The expectations of this job are massive. You have the weight of “opinion” of over 100 000 supporters (most of them wrong!) on your shoulders. Past chairmen have been fan’s favourites. We all remember the euphoria of the Ridsdale era. Find me one fan that didn’t worship the sunshine from his bottom when dirty working class Leeds United were playing the footballing gods of Europe every couple of weeks. Didn’t we all think it was brilliant that Ridsdale used to charter airliners to demonstrate his respect for his lads? How many fans flew Ryanair to stay in a grubby bed and breakfast in Spain or Belgium but didn’t begrudge our team their bit of luxury. Hell, we were winning in the Champion’s League and we enjoyed spending the money by proxy. But it ran out and when it all went wrong, we turned on the same people that delivered us our own little corner of paradise. (When you think about Viduka’s wages per goal rate, how can we call Beckford greedy?) But we are fans and that is our right. We will be around long after the players and management have moved on.

Actually, I think that to some extent Ridsdale was a bit unlucky in the way the market price of players crashed for that one season when Plan B was to sell players to get us out of the mire. But some of the money we spent was laughable. We can be justifiably critical of the man that sanctioned terms for that all time great, Seth Johnson. By that I mean “all time great waste of money”. Decisions like that sort of ruin your credibility when history becomes the judge and Johnson wasn’t the only one. Each expensive bad-signing was one more reason we went bust and I don’t know if anybody else was sickened to see so many of them stick around to the end of their lucrative contract just to pick up the next pay cheque instead of working for a living.

Ridsdale’s era has more or less earned the epitaph it deserves.

The Chairman needs to learn lessons from that history.

Now we seem to have the opposite problem; a very experienced football chairman who apparently doesn’t want to spend any money at all.

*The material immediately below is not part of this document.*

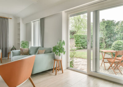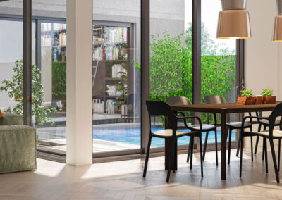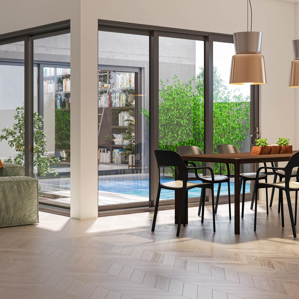 El CRS-77, un sistema de ventana corredera, permite la creación de puertas balconeras de dimensiones amplias, adecuándose a las tendencias actuales en arquitectura con un diseño simple que destaca por su reducido nudo central. Optar por carpinterías con secciones reducidas es ideal para cerrar espacios grandes, maximizando la entrada de luz y promoviendo una conexión visual más amplia con el exterior.

Which one is worse? I think it’s fair to say that after the Thorp Arch debacle, even previously pro-Bates supporters are asking questions. How could a business with a turnover such as Leeds United’s, selling assets such as Delph, and not really investing in new ones, not be able to raise £6 million for a property? That’s not what I find worrying. The future question is going to be how will a business with a turnover like Leeds United ever be able to raise £6 million for non-tangible assets like players? Quite obviously nobody else should be expected to invest in Ken Bates. “There you go Ken, have my PIN number. It works in the Cayman Islands too…”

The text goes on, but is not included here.